MQTT as transport for PostgreSQL events

MQTT has become a de-facto standard for the transport of messages between IoT devices. As a result, a plethora of libraries and MQTT message brokers have become available. Can we use this to transport messages originating from PostgreSQL?

Aa message broker we use Eclipse Mosquitto which is dead simple to set up if you don't have to change the default settings. Such a default installation is neither secure nor highly available, but for our demo it will do just fine. The event generators are written in Python3 with Eclipse paho mqtt for Python.

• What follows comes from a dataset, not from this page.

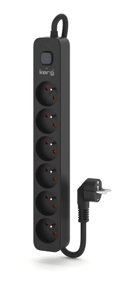 Urządz. zas.-zabezpiecz. KERG z wyłącznikiem-6 gniazd-czarny-3m-16A-H05VV-F-3x1,5mm2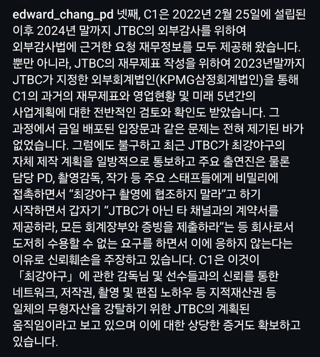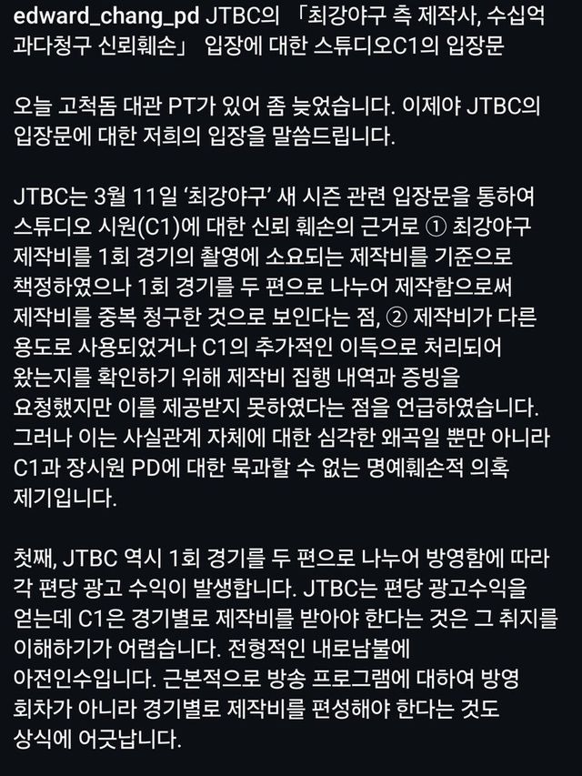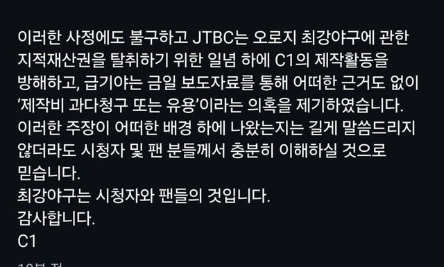 - JTBC도 방송할때 편당 광고비 받으면서 C1만 경기별 제작비를 받는건 내로남불.

There are at least two ways to generate events from a PostgreSQL database, pg_recvlogical and NOTIFY / LISTEN. Both have their advantages and shortcomings.

pg_recvlogical:

  • Configured on server and database level
  • Generates comprehensive information about everything that happens in the database
  • No additional programming neccessary
  • Needs plugins to decode messages, e.g. into JSON
  • Filtering has to be done later, e.g. by the decoder plugin
NOTIFY / LISTEN:
  • Configured on DDL and table level
  • Generates exactly the information and format you program into the triggers
  • Filtering can be done before sending the message
  • Needs trigger programming
  • The message size is limited to 8000 bytes
Examples for both approaches can be found here. The NOTIFY / LISTEN example lacks a proper decoder but this makes be a good excercise to start with. The pg_recvlogical example needs the wal2json plugin, which can be found here and the proper setup, which is also explained in the Readme. Please note, that the slot used in the example is mqtt_slot, not test_slot:


pg_recvlogical -d postgres --slot mqtt_slot --create-slot -P wal2json

Otherwise, setup.sql should generate all objects to run both examples.